Face à 800 soldats, Mishima prononça un discours exaltant le Japon traditionnel et la figure de l’empereur. Mais la foule resta indifférente, fascinée ou hostile, et au bout de quelques minutes, il se retira pour accomplir son ultime acte : le 25 novembre 1970, il se donna la mort selon le rituel ancestral du seppuku, une pratique datant du XIIe siècle et réservée aux samouraïs. Une mort atroce, planifiée comme un dernier chef-d’œuvre.

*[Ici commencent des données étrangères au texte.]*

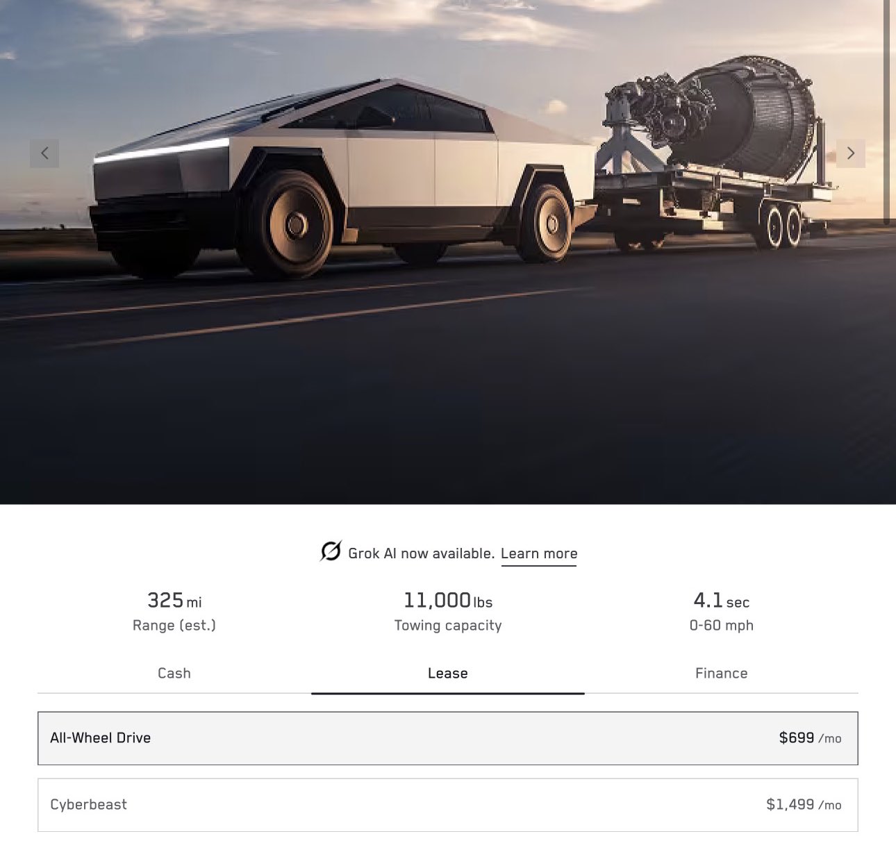 根据官方信息,特斯拉Cybertruck后轮驱动版(入门版)被移除,意味着该版本正式下架,而这一版本推出还不到半年。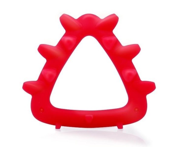 Gryzak silikonowy o geometrycznym kształcie przypominający kształtem jeża, został zaprojektowany z myślą o najmłodszych. Gryzak odznacza się wyraźnym czerwonym kolorem, który przyciagnie wzrok dziecka, zachęca do gryzienia i zabawy. To podstawowy kolor który dziecko potrafi rozróżnić (z wyjątkiem czarno-białych). Ponadto gryzak jest przyjemny w dotyku i jest najtwardzy wśród gryzaków geometrycznych. Kolce na Jeżu stymuluje u dziecka zmysł dotyku, a do tego masuje delikatne dziąsełka i łagodzą ból podczas ząbkowania. Wyprofilowany kształt gryzaka i odpowiedni rozmiar umożliwia dziecku chwytanie. Dodatkowo maluch już we wczesnym wieku może nauczyć się podstawoego kształtu geometrycznego takiego jak trójkąt. Gryzak jest bezpieczny i łatwy w gryzieniu nawet po ochłodzeniu. Można używać go w zmywarce, mikrofalówce, a także przechowywać w zamrażarce.

Paul Schrader explique dans une interview de 2020, alors que son œuvre était mise à l’honneur lors d’un festival de cinéma japonais à Vienne, qu’il avait déjà exploré cette thématique dans Taxi Driver : “J’ai été attiré par cette histoire parce que j’avais écrit un script précédent, Taxi Driver, qui traitait déjà de cette idée pathologique de glorieux suicide.”
Mais cette fois, il voulait traiter un personnage hors du cadre américain habituel : ”Je voulais donc faire quelque chose de similaire, mais pas sur un de ces américains stupides. Mon frère, qui enseignait alors au Japon, m’a parlé de Yukio Mishima, écrivain réputé, très cultivé, homosexuel, et connu dans le monde entier. Et qui correspondait à cette idée d’auto-sacrifice. Mais ça a été un périple difficile pour mener à bien ce film.”

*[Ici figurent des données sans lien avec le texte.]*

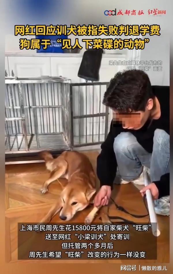 一句“狗是见人下菜碟的动物”,让网红训犬师“小梁”再次被推上风口浪尖。据1月17日报道,近日,其因被客户起诉“训犬无效”而遭法院判决全额退款15800元,这场围绕柴犬“旺财”的昂贵教育纠纷,终于一审判定。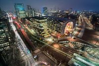 Een fantastisch uitzicht op de Markthal van Rotterdam, tijdens de avond op een koude winter avond. Je ziet het verkeer weer op gang komen met alle mensen die naar huis gaan. Een uniek kijkje vanaf boven op de mooie stad Rotterdam.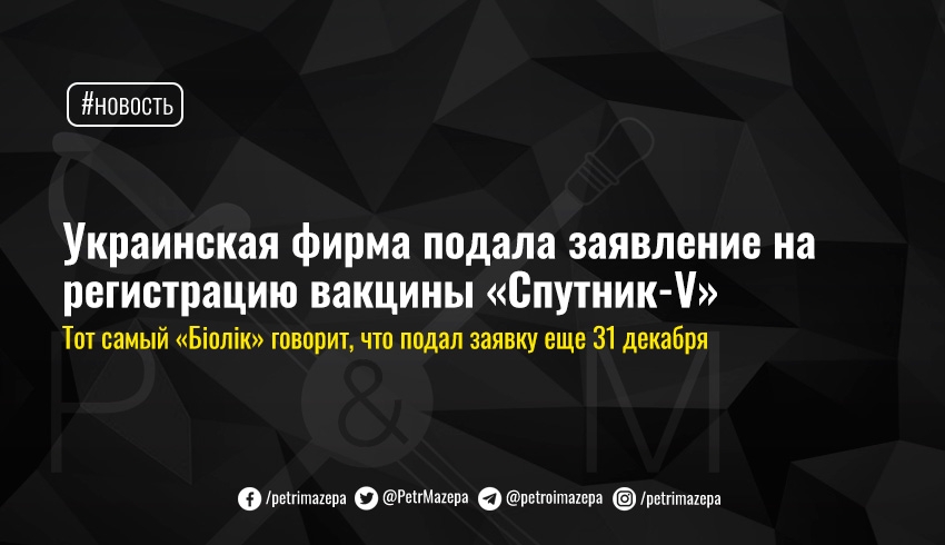 «В связи с многочисленными запросами администрация АО «Біолік» сообщает, что 31.12.2020 г. в адрес МЗ Украины нами действительно было отправлено заявление о государственной регистрации лекарственного средства - вакцины «Гам-КОВИД-Вак», комбинированной векторной вакцины для профилактики коронавирусной инфекции, вызванной вирусом SARS-CoV-2, производства ФДБУ НИЦЭМ им. М.Ф. Гамалеи», - заявляет компания на сайте.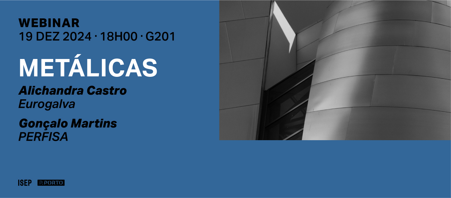No próximo dia 19 de dezembro, irá realizar-se, pelas 18h, o "Webinar Metálicas”, promovido pelo Mestrado em Engenharia Mecânica (MEM) do Instituto Superior de Engenharia do Porto (ISEP).

Financer le film fut en effet un véritable défi, au point que Francis Ford Coppola et George Lucas intervinrent comme producteurs. Le résultat est un long-métrage structuré en quatre chapitres, chacun reflétant une phase de la vie et de l’œuvre de Yukio Mishima, notamment Le Pavillon d’or, La Maison de Kyôko et la tétralogie La Mer de la fertilité, souvent considérée comme son testament littéraire.
La véritable prouesse de Paul Schrader fut de rendre visible l’évolution intellectuelle et philosophique de l’écrivain. Comme il le disait lui-même, le défi consistait à “tracer les courbes de sa pensée, sa progression philosophique à travers ses romans, jusqu’à réussir à dégager quatre phases qui constituent les quatre chapitres de son existence”.

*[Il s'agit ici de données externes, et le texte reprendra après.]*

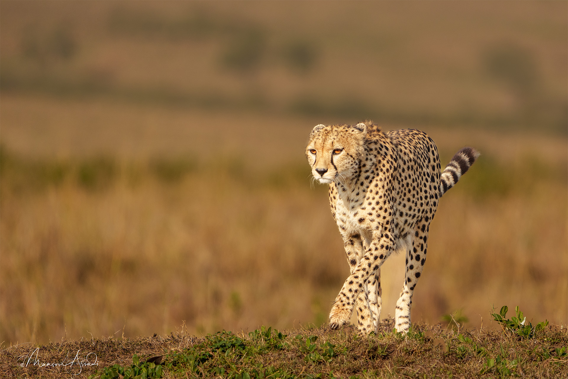 A Pregnant female Cheetah is searching for food in Maasai Mara National Reserve.

Le scénario, signé par son frère Leonard Schrader, expert du Japon et auteur de scénarios comme Yakuza ou Le Baiser de la femme araignée, mêle habilement flashbacks et évocations littéraires. Visuellement, le film est sublimé par la photographie de John Bailey et le travail somptueux de la costumière et décoratrice Eiko Ishioka, future oscarisée pour Dracula de Coppola.
Ken Ogata incarne Mishima avec une intensité impressionnante, déjà reconnue dans La Vengeance est à moi de Shôhei Imamura et La Ballade de Narayama, Palme d’or à Cannes en 1983. La puissance du film tient aussi à la bande-originale de Philip Glass, dont les compositions mélancoliques et hypnotiques, élaborées à partir de simples brouillons de scénario, hantent durablement le spectateur. Certains morceaux, comme Runaway Horses, ont même trouvé une seconde vie, par exemple dans The Truman Show de Peter Weir.
Malgré sa qualité, Mishima n’a jamais été projeté officiellement au Japon… jusqu’au 30 octobre de cette année ! Figurant dans la sélection du Tokyo International Film Festival en 1985, la veuve de l’écrivain et des groupes d’extrême droite s’opposèrent à sa diffusion, refusant qu’il y soit représenté comme homosexuel. Il a finalement été projeté pour la première fois au public au Japon le 30 octobre dernier, dans le cadre d’un hommage au centenaire de Yukio Mishima lors du 38e Festival international du film de Tokyo.
Pour Paul Schrader, ce film représente l’apogée de sa carrière de réalisateur : “C'est le film grâce auquel on se souviendra de moi. En tant que scénariste, c’est Taxi Driver. Mais en tant que réalisateur, c’est Mishima.” Quarante ans plus tard, cette œuvre demeure un monument du cinéma, un portrait saisissant d’un artiste et d’un destin hors norme, à découvrir absolument, sur MUBI notamment.